ディヤルバクルからはバスで2時間ほどの距離にあり、前述のジハド君と「一緒に行こーぜ」ということになった。途中BATMANという町でバスを乗り換え、草原を行く。
ハサンケイフはチグリス川沿いに発展した町で、ローマ→ビザンツ(東ローマ)→アラブ→オスマンという支配の変遷を辿った。
とりあえずチグリス川を見るのは初めてなので、チグリスの水に触れに走った。
川辺では、地元の子供達が水浴びをして遊んでいたのだが、
少年の一人がなにやらジハド君にトルコ語でまくしたて始めた。
ジハド君は目を白黒させてうなずくばかりなのだが、3分後に少年が喋り終えた時、
「この子は、その、ハサンケイフの歴史を、ローマ時代から説明したんだけど、僕の英語では、とても。。。」という彼の解説を聞いて事態を飲み込んだ僕も、やはり唖然だった。

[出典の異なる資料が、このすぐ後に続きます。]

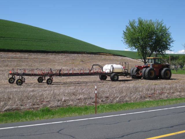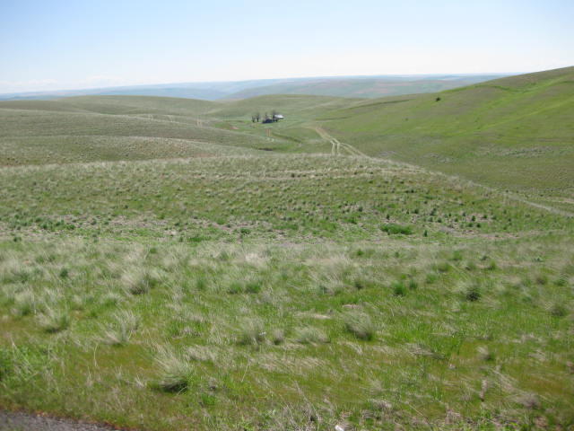 we headed out of Central Ferry with three liters of water. 30 km down the road was "Dusty" where there might or might not be some supplies (Google Web, for instance, had never heard of the place). Anyway, another 30 km would then bring us to Colfax. Despite the cloudless sky and temperatures in the 30's, this should have been ok.

城塞の上まで登り切ると、周囲を一望できるビューポイントに到達できる。
僕はこの景色に完全にやられた。
かつて存在した繁栄を語る城塞跡。悠久の時を流れるチグリス。その中にかろうじて残る石造りの橋脚跡。その流れが長い年月をかけて創りだした断崖。そして時に優しく、時に無慈悲に人の痕跡を覆う草原。「遺跡」というには若すぎ、「歴史ある町」というには寂しすぎる。厳しい岩肌と、優しい緑の草原が入り組むアナトリアの景色。ここでは誰もが詩人になれる。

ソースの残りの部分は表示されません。